基本の発想は、「いっときでもご機嫌に過ごしたい」=
「游息」の気持ちを大事にするものでした。

この「長寿難病時代」です。
多くの人が、最後は断末魔のような痛みと苦しみの中で、
死を迎えるケースが多いものでしょう。
しかし、それも神のみぞ知る領域のことですから、
せいぜい、許されるならば、
いっときでもよいので
「ご機嫌」に過ごしていこう。
そんな「ときめきの気分」で過ごせるとしたら、
これは儲けもの=至福の人生となります。

とくに、70歳を過ぎても、
親友や温情あふれる医師たちの
「縁」に恵まれるだけでなく、
著名な作家たちが残した名著による「いのちの知恵」から
大いに学ぶことが出来たのは幸運でした。

たとえば、35歳にして「結核とカリエス」で悶絶する如くに夭逝した
俳人・正岡子規の本は読む価値があります。
その壮絶な闘病病床記を読むと、
健常者には悲惨に思えることが、
まるで、写生をする如くに、いきいきと綴られていることに驚きます。

わが身の病と照らし合わせて読むと、
「素直に生きることを楽しむ」――、
人生を徹底して「游ぶ」―、
そうした力強いパワーを感じるから不思議です。
人間って、そうそう、「高邁」に死を悟る事など出来ない
「俗物」だということを教えられ、
思わず「ホッ」としてしまいます。

名著『病状六尺』には、以下のような、
死の1カ月半前の「游息の心境」が、
あちこちに散りばめられ、細かく綴られています。
実に素直です。自然です。虚飾がありません。

「このごろはモルヒネを飲んでから
写生をやるのが何よりの楽しみとなって居る。
けふは 相変わらの雨天に頭がもやもやしてたまらん。
朝はモルヒネを飲んで蝦夷菊を写生した。
一つの花は非常な失敗であったが、
次に画いた花はやや成功してうれしかった。

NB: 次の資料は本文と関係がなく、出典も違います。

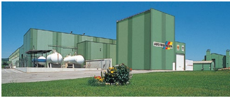
XPS-fabrika (Purbach / Austrija)
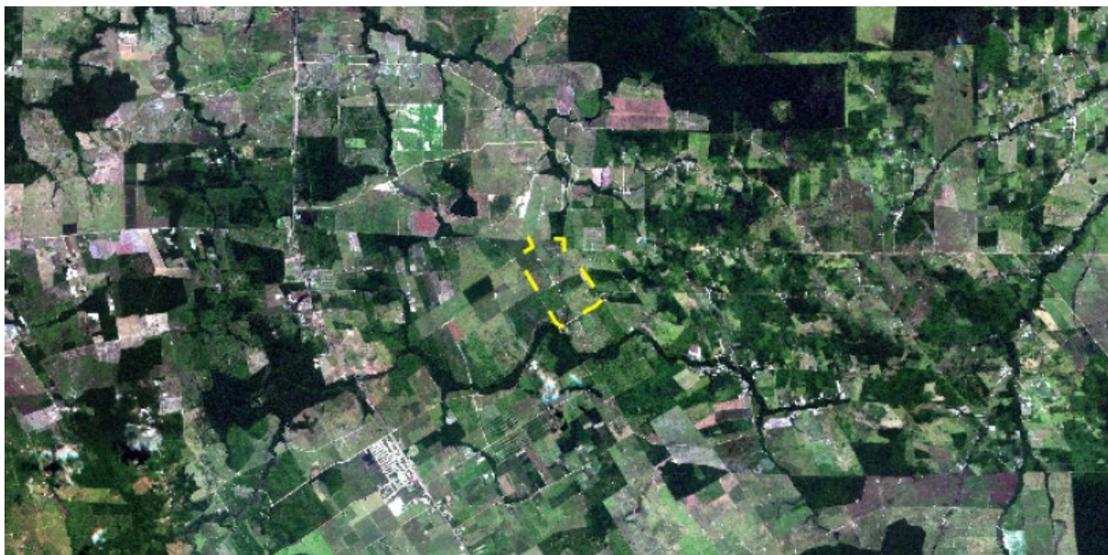
Imagem 01: Imagem de satélite da propriedade Morada Nova.
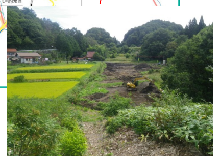
植木地区・工事中進入路造成工事
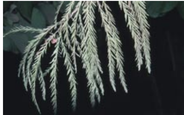
Abb. 46: Taxodium distichum – Zweizeilige Sumpfyzypresse Freiburg, Botanischer Garten, Photo 20.9.2003

– wenigstens bei den Holzresten – wahrscheinlich die häufigste Tertiär-Konifere.
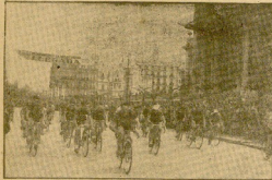
En la gradación... En la gradación... En la gradación...

LA VOZ DE ESPAÑA, de acuerdo con el maestro Usandizaga, gestiona la interpretación de su "Bona de Altopiani"
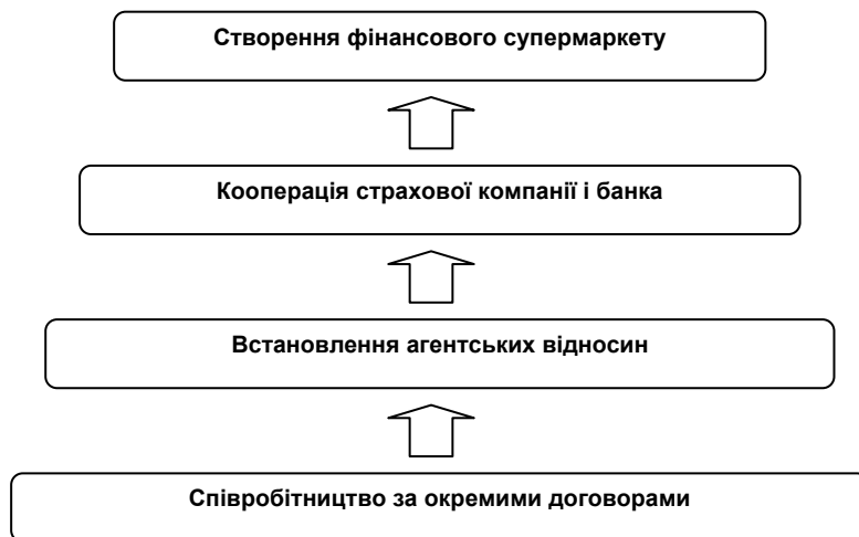
Рис. 2. Рівні співпраці страхових компаній і банків

Що ж являє собою фінансовий супермаркет ?

(略)
とにかくこんなことをして草花帖を段々に
描き塞がれていくのがうれしい」

「病状六尺」――身動きも出来ない病床の正岡子規は、
想像を絶する痛みと恐怖の中でも、
心を病苦の外に遊ばせる――「游息」の出来る人でした。

激痛と闘いながら、仰向けに寝たまま、
『病状六尺』『仰臥漫録』という随筆を書いて楽しむ――
死の目前の恐怖の中でも、
「一時のご機嫌」「ささやかなときめきのとき」を求めた、
実に、自分に正直な患者だったことが分かります。
まさに、直感闘病、直感人生の人だと僕は思っています。

最近は、「ポックリ死」に憧れるという風潮が盛んのようです。
しかし、これは、なにか、人生をあきらめた
不自然なキーワードだと思いませんか?
僕は、あまり好きになれません。


人生に「哲学もどきの大ボラ」をふくのではなく、
等身大で「日々の游息」を楽しむ――
こうしたささやかな生き方こそ、
「直感人生のクライマックス」ではないでしょうか?
最近、とくにそう感じていますが、あなたはどう思いますか?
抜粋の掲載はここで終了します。